The first operation is tricky, but is actually a very general problem,
and has come up before on the Biopython mailing lists, e.g.
http://lists.open-bio.org/pipermail/biopython/2009-October/005695.html
http://lists.open-bio.org/pipermail/biopython-dev/2009-May/005991.html
http://lists.open-bio.org/pipermail/biopython-dev/2009-May/005997.html

As noted in the linked threads, I have some (apparently) working code
as function get_feature_nuc in the unit test file test_SeqIO_features.py

I think this should be part of Biopython proper (with unit tests etc), and
would like to discuss where to put it. My ideas include:

(1) Method of the SeqFeature object taking the parent sequence (as a
string, Seq, ...?) as a required argument. Would return an object of the
same type as the parent sequence passed in.

(2) Separate function, perhaps in Bio.SeqUtils taking the parent
sequence (as a string, Seq, ...?) and a SeqFeature object. Would
return an object of the same type as the parent sequence passed in.

(3) Method of the Seq object taking a SeqFeature, returning a Seq.
[A drawback is Bio.Seq currently does not depend on Bio.SeqFeature]

(4) Method of the SeqRecord object taking a SeqFeature. Could
return a SeqRecord using annotation from the SeqFeature. Complex.

Any other ideas?

We could even offer more than one of these approaches, but ideally
there should be one obvious way for the end user to do this. My
question is, which is most intuitive? I quite like idea (1).

In terms of code complexity, I expect (1), (2) and (3) to be about the
same. Building a SeqRecord in (4) is trickier.
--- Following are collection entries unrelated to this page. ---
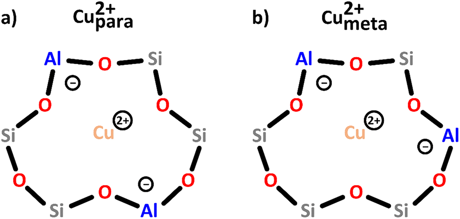 | Scheme 2 Bare monomeric Cu2+ charge-balanced by two Al T-sites positioned in either the para (a) or meta (b) arrangement. Color code: Al = blue, Si = grey, framework O = red, Cu = orange. | ||
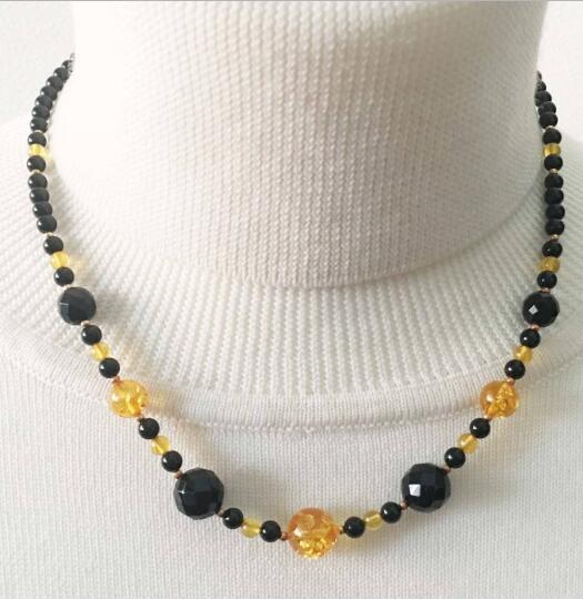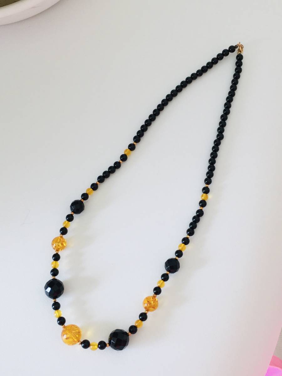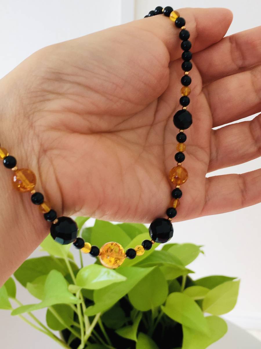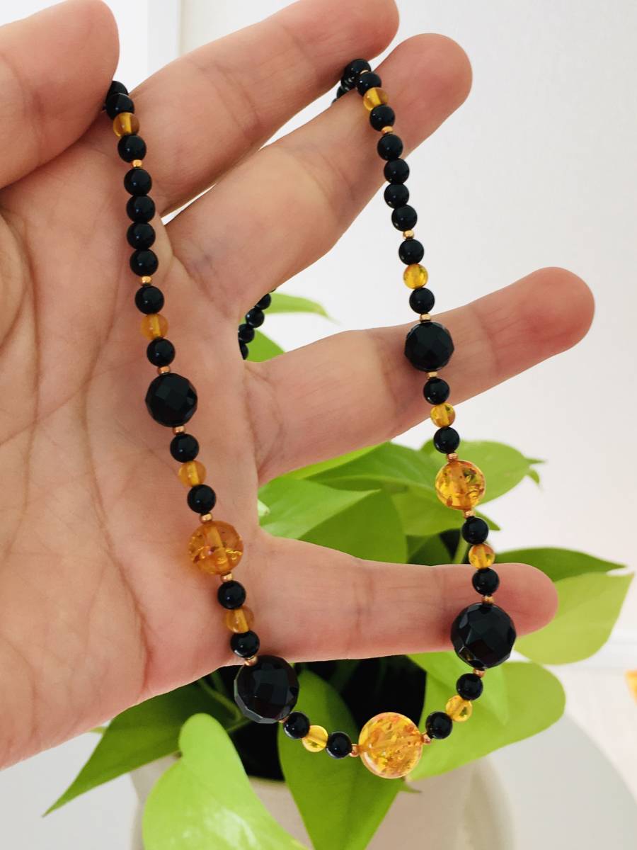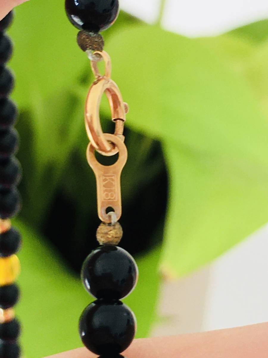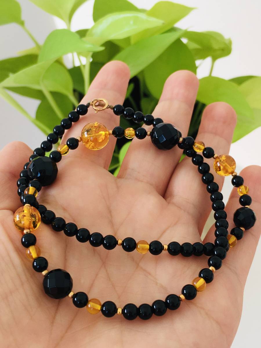 こはく 琥珀 オニキス デザインネックレス 44cm K18
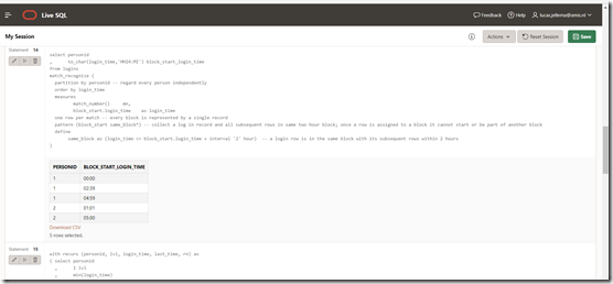select personid , to_char(login_time,’HH24:MI’) block_start_login_time from logins match_recognize ( partition by personid — regard every person independently order by login_time measures match_number() mn, block_start.login_time as login_time one row per match — every block is represented by a single record pattern (block_start same_block*) — collect a log in record and all subsequent rows in same two hour block; once a row is assigned to a block it cannot start or be part of another block define same_block as (login_time <= block_start.login_time + interval ‘2’ hour) — a login row is in the same block with its subsequent rows within 2 hours )
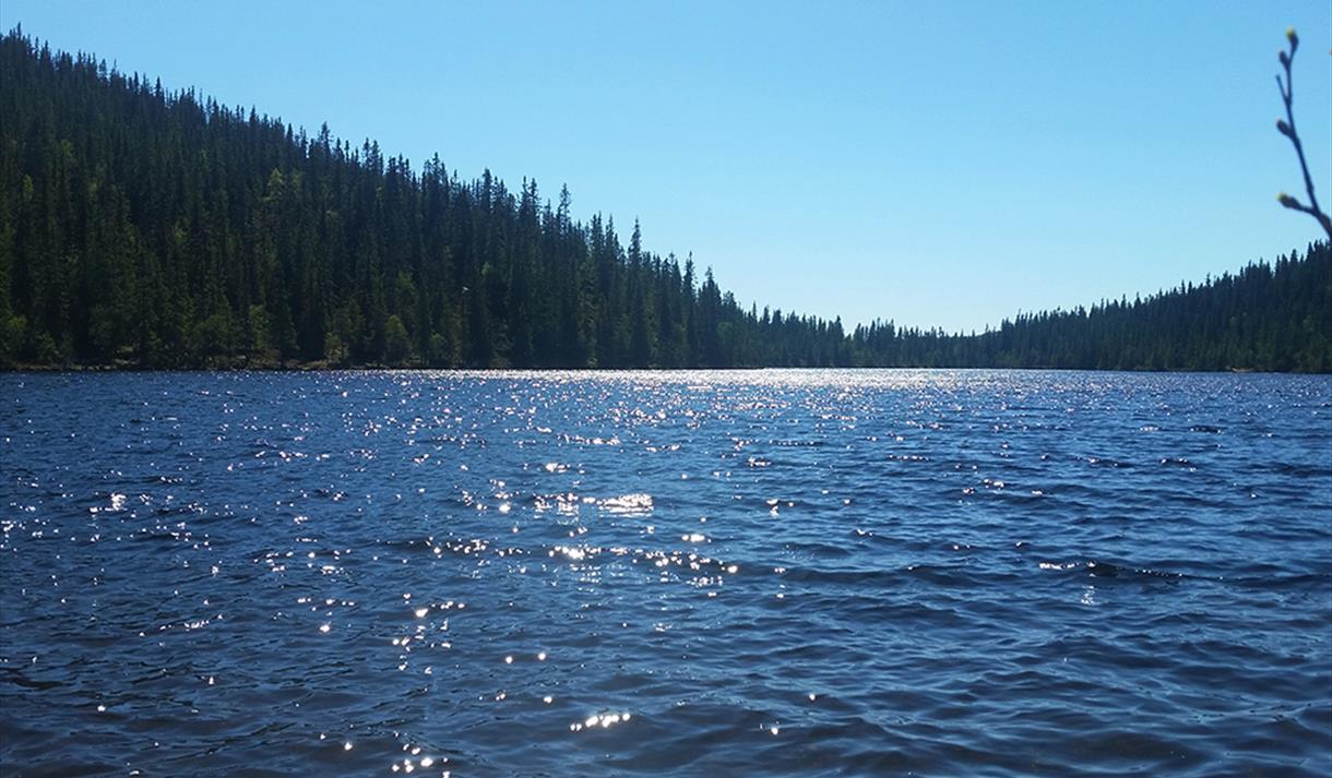 Instead, we follow the route to Lake Gjevarvatn on good gravel roads along the water’s edge through Langlim’s forest and moorland terrain.
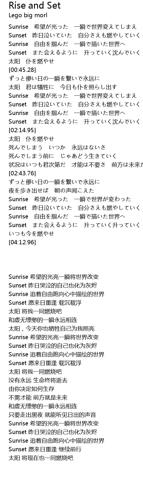 | [03:35.06] | Sunset zuó rì qì zì fēn rán |
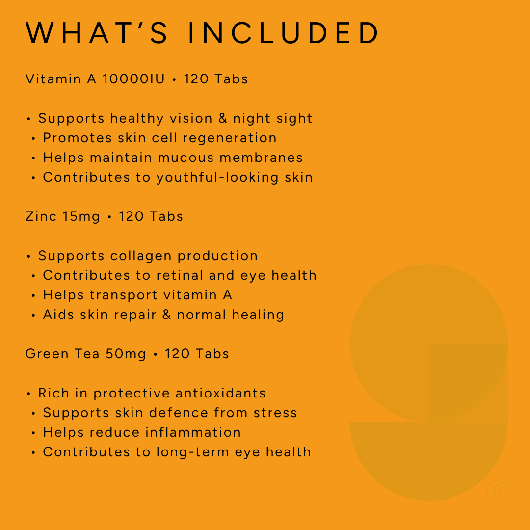 Take a comprehensive approach to your visual and dermal wellness with our Skin & Vision Bundle, supporting your body's natural harmony for clear sight and radiant skin.
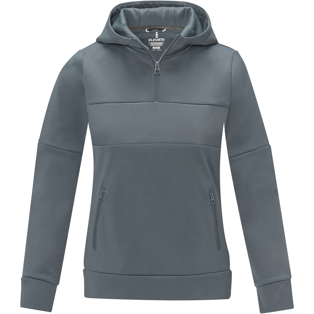 Sayan anorak hættetrøje med halv lynlås til kvinder - en unik kombination af ydeevne og stil. Anorakdesignet kombinerer mode og funktion uden problemer og har en kvart lynlås, så man kan tage flere lag på. Fremstillet af en 350 g/m²-blanding af polyester og Sorona® strik. Sorona® fiberen forbedrer jakkens miljøvenlighed ved at inkorporere et ansvarligt element uden at gå på kompromis med ydeevnen. Kontraststoffet på frontpanelet, der er lavet af 280T ripstop nylon, bidrager til designet med sin holdbarhed og tekstur og er det ideelle sted at fremvise dit brand. Uanset om du begiver dig ud på et udendørs eventyr eller bare navigerer i din daglige rutine, kombinerer Sayan hættetrøjen ubesværet mode med funktion. Sweateren er designet med en tætsiddende form, der giver et feminint look.
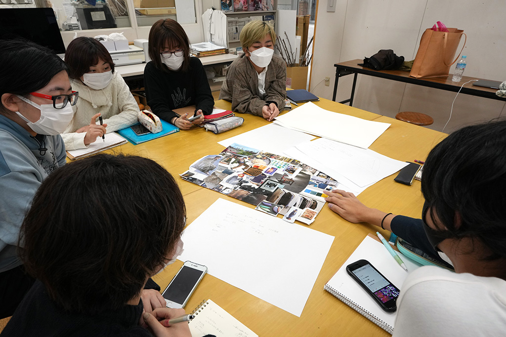 さて、演習ですが、前回までの授業でテキスタイルデザインコース2年生は2つのグループに分かれ、それぞれムードボード(アイデアやコンセプトを紙面上にまとめてコラージュしたもの)を作成、それぞれのグループが想定する顧客(バーチャルカスタマー)をディスカッションしています。これらを発表するところから始まりました。それぞれのグループでテーマとするカラーと3人のバーチャルカスタマーを説明します。例年、具体的に性別、年齢、生活の背景や消費性向などを想定するバーチャルカスタマーの説明が、学生らが考える時代や流行を反映していて興味深いのですが、今年は6名中4名が男性で、男性を強く意識したブランドとなり、これまでの手ぬぐいプロジェクトとは一風異なった展開となりました。
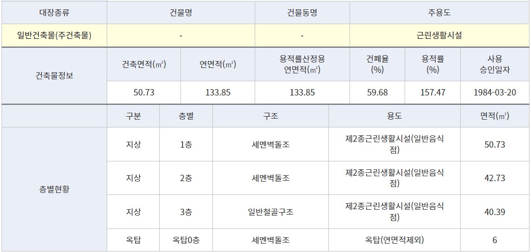 - 주 용도 (예: 근린생활시설, 단독주택 등)

Options (1) and (2) are not tied to the sequence object, and could
in theory support any Seq like object, plain strings - or in future
even a SeqRecord: I have a git branch where the SeqRecord
object supports addition and the reverse_complement method,
which would work nicely here. See:
http://lists.open-bio.org/pipermail/biopython-dev/2009-September/006850.html
http://lists.open-bio.org/pipermail/biopython-dev/2009-October/006851.html

Peter